BBQ Bandit 12-04-2011 05:33 PM

OK, stickburners... let's see those small and hot fires.
Brethren and Sistren;

Have read, learned, and used many fire management techniques and procedures... thanks to the knowledge of the brethren.
Heard stickburning described as a small, hot, and fast burning technique... useful to keep the sweet blue smoke burning true.

Found it necessary to add a second sheet of expanded steel laying on top of the firegrate... the large steel gaps was dropping the bed of coals too soon. The sheet was a 24" X 24" X 3/4" expanded metal... and bent/folded the sheet to fit. .. just hate to have a multitude of sharp edges from trimming. Got tired of bleeding and reaching for too many band-aids. By folding the sheet kept the edges rounded at the folds. :thumb: Now the live bed stays with the fire longer... good deal... extending the burn a bit.

The pic shows what it takes to keep the Klose @ 300*... about to add another split of applewood.

That in itself showed me I haven't seen or recalled seeing any offset stickburners showing what is a small, hot, and fast burning fire.

Anyone have any pictures lying around?

swamprb 12-04-2011 06:40 PM

This is Ty's Klose, and for some reason whenever I am around, it never gets above 250*!

Ty swears he gets it up to 300*, but I think he's BS'n me.

gtr 12-04-2011 06:50 PM

Funny you should ask!

This was for keeping the temp in the vertical chamber at around 135-150. I cut my splits down tiny for this one.

Obviously a much higher temp here - was doing 100# of pork butts at around 275 or so (left side) ranging to 325 or so (firebox side).

I here ya on the coals falling through the grates & I'll try throwing another sheet of expanded in. I have noticed, however, that once I'm well into a long cook, there is a nice coal bed sitting on the ash pan below the grate. Lately I've been keeping everything kinda pushed together and concentrated and have been having good luck with that.

42BBQ 12-04-2011 06:56 PM

Here's my version, notice that the split on top was only on for a little bit. cooker was at around 220 when I added the split. First pic is the full shot of the cooker. Because of the size of the cooker I have to with even smaller splits. The one on there is actually a little too big.

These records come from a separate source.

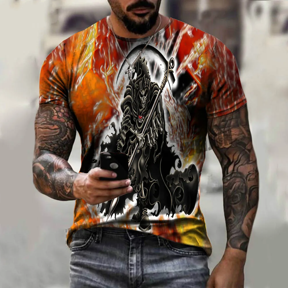 Мужская футболка с готическим 3D-принтом, Летняя Повседневная рубаш...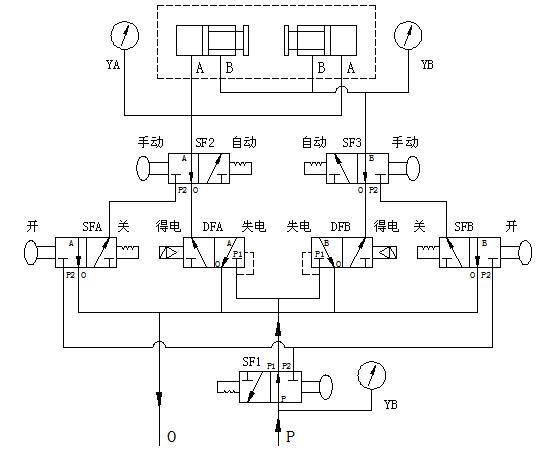 自動(dòng)剎車(chē):電磁閥線圈處于失電狀態(tài),手拉閥SF1、SF2、SF3往里推至自動(dòng)狀態(tài),過(guò)濾后壓縮氣體從進(jìn)氣腔(P腔)進(jìn)入集成塊。當(dāng)接收到停機(jī)指令時(shí),制動(dòng)電磁閥DFA得電開(kāi)閥,使壓縮氣體進(jìn)入制動(dòng)腔(A腔), 從而實(shí)現(xiàn)對(duì)制動(dòng)器的投入, 加速機(jī)組的制動(dòng)停機(jī);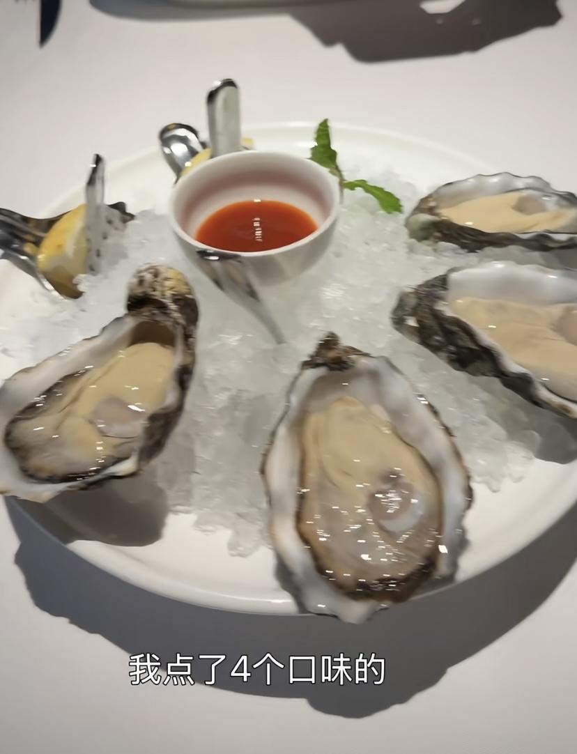 王燦一共點了4只生蠔,都是不同口味的。生蠔直接擺在冰堆上面,配了一小碗蘸料,保存了食材本身的鮮美。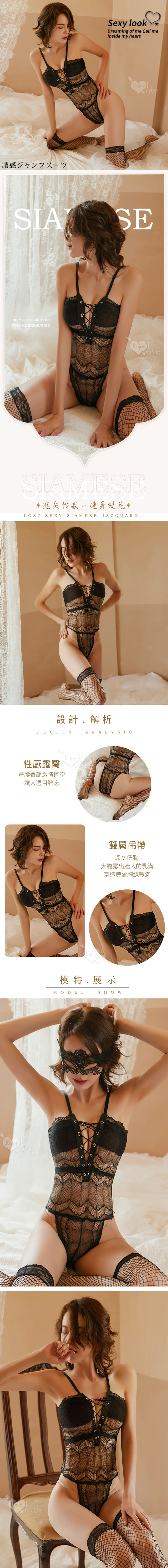 極性貓裝綁帶式V字溝線網紗誘惑連身衣兩件組 含網襪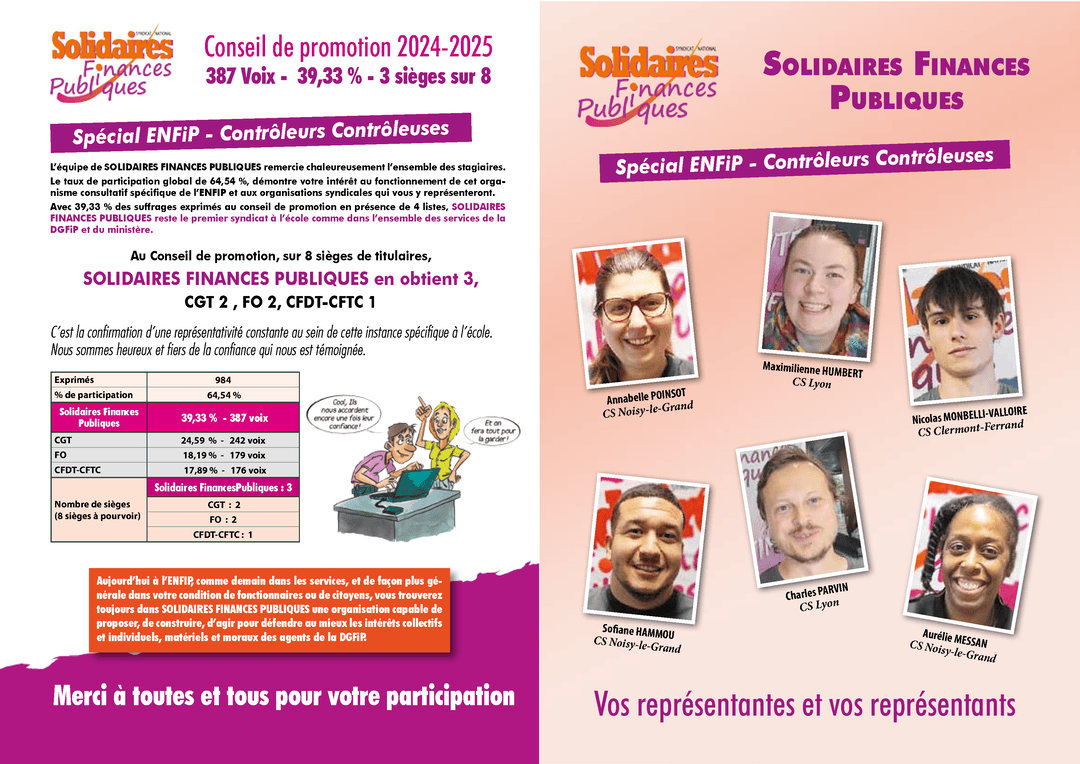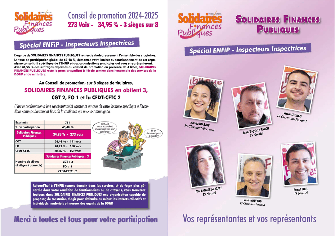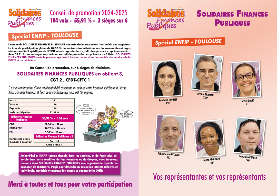 Solidaires Finances Publiques remercie tous les électeurs et électrices qui lui accordent leur confiance, réaffirmant ainsi notre position en tant que première organisation syndicale à la DGFiP et au ministère.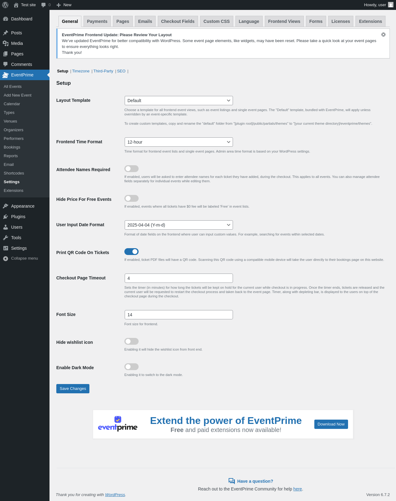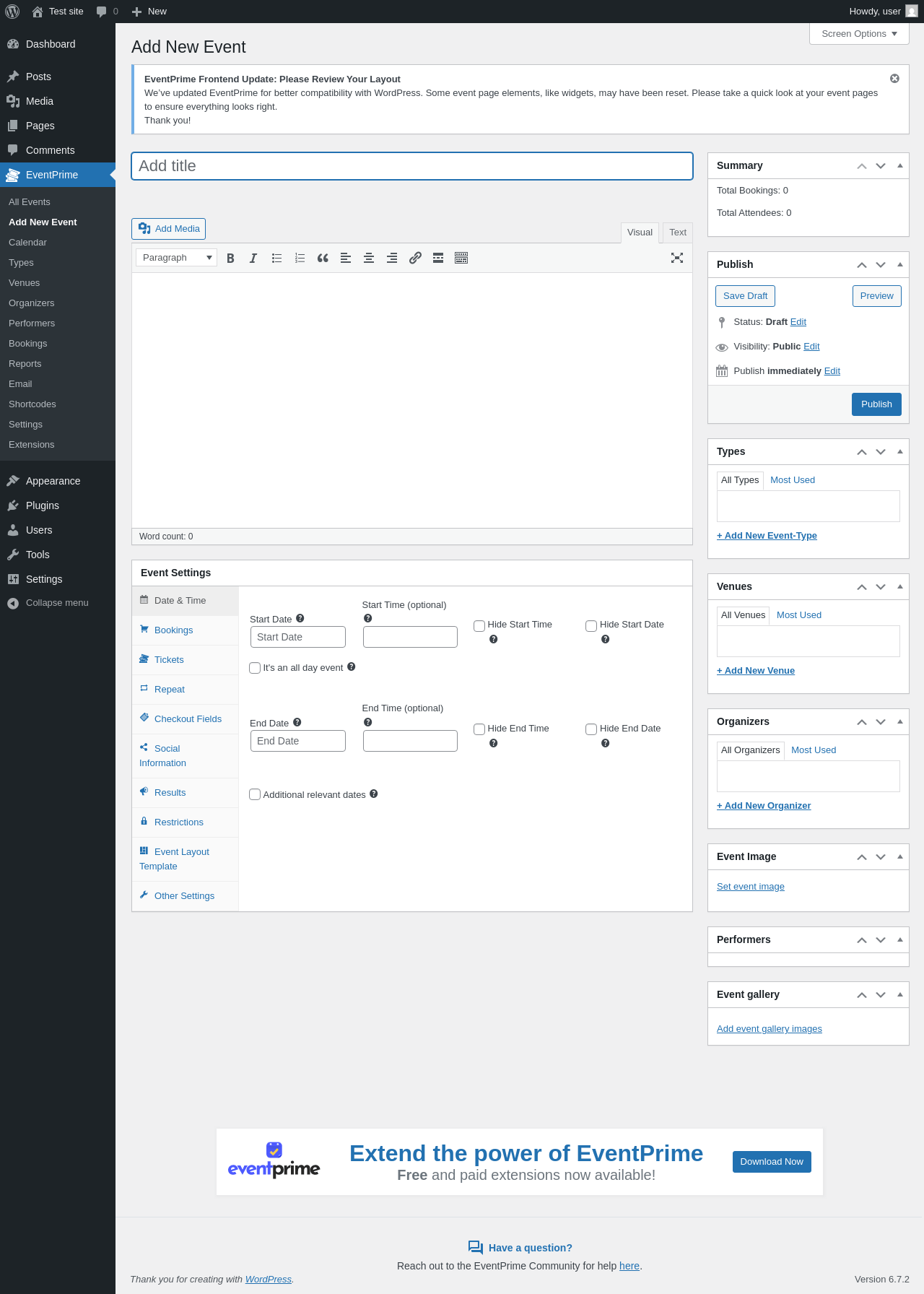 Does "EventPrime – Modern Events Calendar, Bookings and Tickets" work with WordPress 6.7.2 and PHP 8.1.12? A smoke test was performed on 2025-04-04 11:30:34 UTC .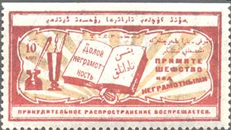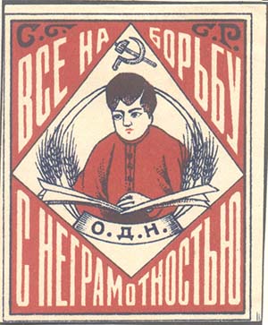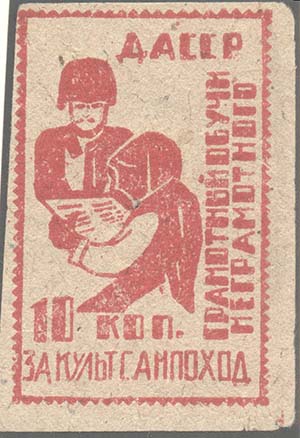 1932(?) г. Разм. 50 х 60 мм. Двухцветная печать на белой бумаге. В двойной прямоугольной рамке разм. 47 х 58 мм значок ОДН. Сверху аббревиатура «С.С.С.Р.». Текст в две строки: «Все на борьбу с неграмотностью».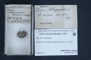 | Keywords: Naturalis Biodiversity Center - RMNH.MOL.116128 - Chiton olivaceus Spengler, 1797 - Chitonidae - Mollusc shell.jpeg artwork Dimensions artwork Document type Chitonidae Chiton Individual count Infraspecific epithet Infraspecific rank Institution Naturalis Kind of unit artwork Kind of unit specimen shell Life stage Croatia Cres Splitsko-Dalmatinska; 16 vi 1930 Medium artwork Nomenclatural code Source institute Leiden Scale the width of the text on the species/QR-code label is 38 mm Occurrence ID page Other fields Other versions artwork Permission license Naturalis donation CC-0 Mollusca Publication location Scientific name Chiton olivaceus Spengler 1797 Scientific name authorship Spengler 1797 Source url http //bioportal naturalis nl Specific epithet olivaceus State or province Splitsko-Dalmatinska Subject keywords artwork Subject keywords publication Title artwork Title publication Type status - Uploaded with GWToolset Naturalis_Biodiversity_Center_-_RMNH MOL 116128_-_Chiton_olivaceus_Spengler _1797_-_Chitonidae_-_Mollusc_shell http //medialib naturalis nl/file/id/RMNH MOL 116128/format/large Molluscs at Naturalis from the Rijksmuseum van Natuurlijke Historie Media donated by Naturalis Biodiversity Center Chiton genus Chiton olivaceus |

Flavor Gangster 12-04-2011 06:56 PM

Fire it up

MilitantSquatter 12-04-2011 06:57 PM

This was on my first pit... a Pitts & Spitts 24x36 (now owned by Cue's Your Daddy / Paul)

Brought back some real good memories looking at that photo series of the pit...

MilitantSquatter 12-04-2011 07:09 PM

1 Attachment(s)
and a bit hard to see, but here's the Klose...

there's a fire though the vent holes

DirtyDirty00 12-04-2011 07:32 PM

damn... i gotta work on my fire management. but my fires look nothing like these. my firebox looks EXACTLY like the pic up top. (pits by jj, but they are almost identical to the klose pits)

my fires i need at least 2 splits in the firebox at all times otherwise i feel that the fire starts to go out, or is not hot enough. (this is with the vents completely open) but at the same time i feel creates more of a hot spot bc the bigger flames in the firebox that are sometimes up to the top of the firebox.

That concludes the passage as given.